Warta In
MUARA ENIM – Upaya penanggulangan Kebakaran Hutan dan Lahan (Karhutla) terus digencarkan jajaran Polres Muara Enim. Kali ini, Kapolsek Gelumbang Iptu Budianto, SH turun langsung memimpin pemadaman Karhutla di Dusun 3 Sidomulyo, Desa Putak, Kecamatan Gelumbang, Kabupaten Muara Enim, Kamis (17/9/2026) sekitar pukul 10.00 WIB.
Kapolres Muara Enim AKBP Hendri Syaputra, S.I.K., M.H., melalui Kapolsek Gelumbang Iptu Budianto, SH, menyampaikan bahwa penanganan Karhutla dilakukan secara cepat dan bersama-sama dengan melibatkan personel Polri, TNI, pemerintah desa, Masyarakat Peduli Api (MPA), serta dukungan perusahaan.
“Begitu diketahui adanya titik api, kami langsung melakukan penanganan bersama unsur terkait. Kondisi lahan yang sebagian berupa semak belukar, rawa dan gambut membuat proses pemadaman harus dilakukan secara maksimal dan terus dipantau,” ujar Iptu Budianto.
Dalam kegiatan tersebut, personel Polsek Gelumbang bersama Bhabinkamtibmas Desa Putak Aipda Rahmad Mauludin, SH, anggota Polsek Gelumbang, Babinsa Desa Putak Serda Mujiharto, Kepala Desa Putak Marlin Kusmiran beserta perangkat desa, serta MPA Desa Putak bahu-membahu melakukan pemadaman.
Karhutla diperkirakan telah membakar lahan seluas kurang lebih 10 hektare, terdiri dari sekitar 8 hektare lahan semak belukar dan rawa dengan kondisi tanah gambut, serta sekitar 2 hektare kebun sawit milik warga bernama Kusni.
Untuk mempercepat proses pemadaman, petugas mengerahkan tiga unit mobil suplai air milik perusahaan. Polsek Gelumbang juga menyiapkan satu buah tandon, satu unit mesin Alkon, serta selang sepanjang sekitar 150 meter untuk mendukung penyemprotan ke area yang terbakar.

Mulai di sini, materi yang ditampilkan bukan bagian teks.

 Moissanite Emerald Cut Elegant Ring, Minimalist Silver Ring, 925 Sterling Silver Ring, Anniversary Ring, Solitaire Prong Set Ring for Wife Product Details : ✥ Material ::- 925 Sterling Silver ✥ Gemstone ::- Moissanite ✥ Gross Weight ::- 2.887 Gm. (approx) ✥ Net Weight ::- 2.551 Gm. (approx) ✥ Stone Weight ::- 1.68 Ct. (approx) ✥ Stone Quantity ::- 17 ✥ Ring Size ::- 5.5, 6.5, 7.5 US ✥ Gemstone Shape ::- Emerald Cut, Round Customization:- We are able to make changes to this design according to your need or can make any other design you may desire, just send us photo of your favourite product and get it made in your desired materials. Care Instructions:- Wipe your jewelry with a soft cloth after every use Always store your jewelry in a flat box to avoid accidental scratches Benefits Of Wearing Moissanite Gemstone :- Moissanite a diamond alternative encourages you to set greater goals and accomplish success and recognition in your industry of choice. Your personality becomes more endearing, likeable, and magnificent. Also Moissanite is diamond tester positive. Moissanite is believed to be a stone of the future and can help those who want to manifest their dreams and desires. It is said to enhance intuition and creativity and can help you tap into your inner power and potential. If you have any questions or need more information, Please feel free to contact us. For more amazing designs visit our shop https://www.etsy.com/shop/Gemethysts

Salah satu upaya yang dilakukan dalam pemadaman tersebut yakni menggunakan campuran Formula X-FIRE 01. Sebanyak 10 jeriken berukuran 20 liter atau total 200 liter Formula X-FIRE 01 dicampurkan dengan sekitar 800 liter air di dalam tandon. Campuran tersebut kemudian diaduk hingga merata dan disemprotkan menggunakan mesin Alkon ke area yang terbakar.
Penyemprotan difokuskan pada areal kebakaran sekitar 30 meter x 30 meter. Upaya bersama tersebut membuahkan hasil, api pada area yang menjadi sasaran penyemprotan berhasil dipadamkan. Petugas selanjutnya melakukan pemantauan dan pendinginan guna mengantisipasi munculnya kembali titik api.

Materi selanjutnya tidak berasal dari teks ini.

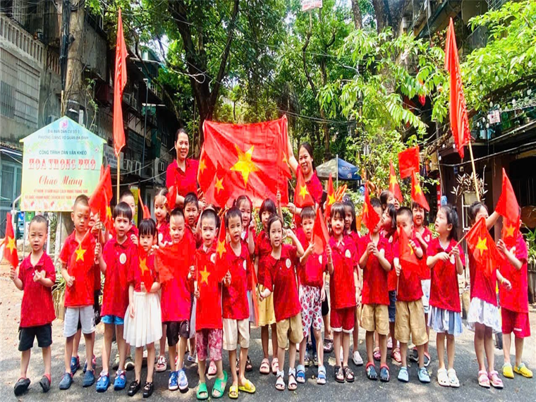 Chào mừng 50 năm ngày Giải phóng Miền Nam thống nhất đất nước, các bé lớp B4 được tham gia vào rất nhiều hoạt động trải nghiệm, các con được nghe cô giáo kể chuyện lịch sử, hát những bài ca cách mạng và cùng nhau vẽ tranh về ngày lễ. Hoạt động giúp các bé thêm yêu quê hương, đất nước và hiểu hơn về truyền thống dân tộc. Bé nào cũng hào hứng tham gia và thể hiện sự tự hào qua từng nét vẽ, lời ca. Đây là dịp để khơi dậy niềm tự hào và giáo dục lòng yêu nước cho trẻ ngay từ lứa tuổi mầm non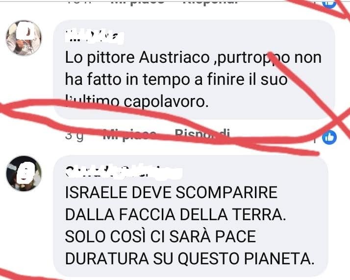 Canale Facebook giornalistico pubblica una notizia secondo la quale lo stato di Israele vorrebbe “giustiziare” un gruppo di prigionieri palestinesi, seguono commenti antisemiti che inneggiano alla Shoah («Lo pittore Austriaco [Hitler, ndr], purtroppo non ha fatto in tempo a finire il suo l’ultimo capolavoro»).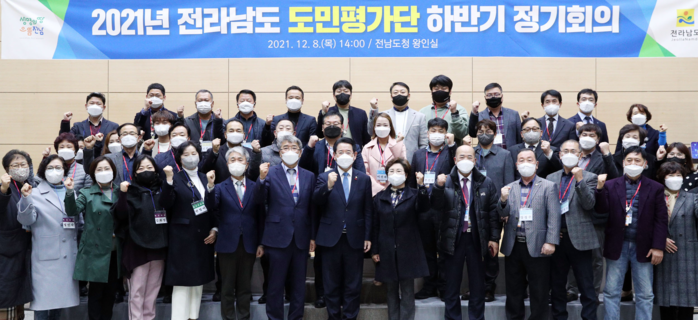 전라남도는 8일 도청 왕인실에서 도정 주요 정책에 대한 도민 참여를 보장하고 정책의 신뢰도를 높이기 위한 ‘2021년 도민평가단 하반기 정기회’를 열어 올 한 해 성과를 결산했다.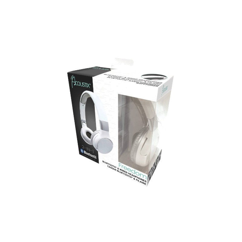 Căști audio 2 în 1 pentru a asculta muzică fără fir prin Bluetooth 5.0 (cu o rază de acțiune de până la 10 m) sau conectate la priză cu ajutorul cablului jack detașabil.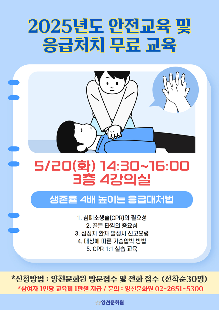 양천문화원에서는 생명 안전을 위한 「2025년도 안전교육 및 응급처치 무료 교육」을 실시합니다.

Kapolsek Gelumbang menegaskan bahwa penanganan Karhutla tidak berhenti setelah api berhasil dipadamkan. Kondisi lahan gambut dan hembusan angin menjadi faktor yang dapat menyebabkan bara kembali muncul sehingga pemantauan tetap dilakukan secara berkelanjutan.
“Karena sebagian wilayah merupakan lahan gambut dan semak belukar, ditambah kondisi angin, potensi munculnya kembali titik api masih ada. Karena itu kami bersama pemerintah desa, MPA dan unsur terkait akan terus melakukan pemantauan,” tegasnya.
Titik panas di wilayah Desa Putak sebelumnya telah terpantau pada Rabu (16/9/2026) sekitar pukul 15.00 WIB. Menindaklanjuti informasi tersebut, unsur Kecamatan Gelumbang, Polsek Gelumbang, pemerintah Desa Putak dan MPA langsung melakukan langkah penanggulangan.
Jajaran Polres Muara Enim juga mengimbau masyarakat untuk bersama-sama mencegah Karhutla, khususnya dengan tidak membuka atau membersihkan lahan menggunakan cara membakar. Masyarakat juga diminta segera melaporkan apabila menemukan titik api agar dapat ditangani sedini mungkin.
Sinergi dan kecepatan respons menjadi kunci. Api boleh padam, tetapi kewaspadaan jangan pernah padam. Bersama menjaga lahan dan lingkungan, berarti bersama menjaga keselamatan masyarakat Kabupaten Muara Enim.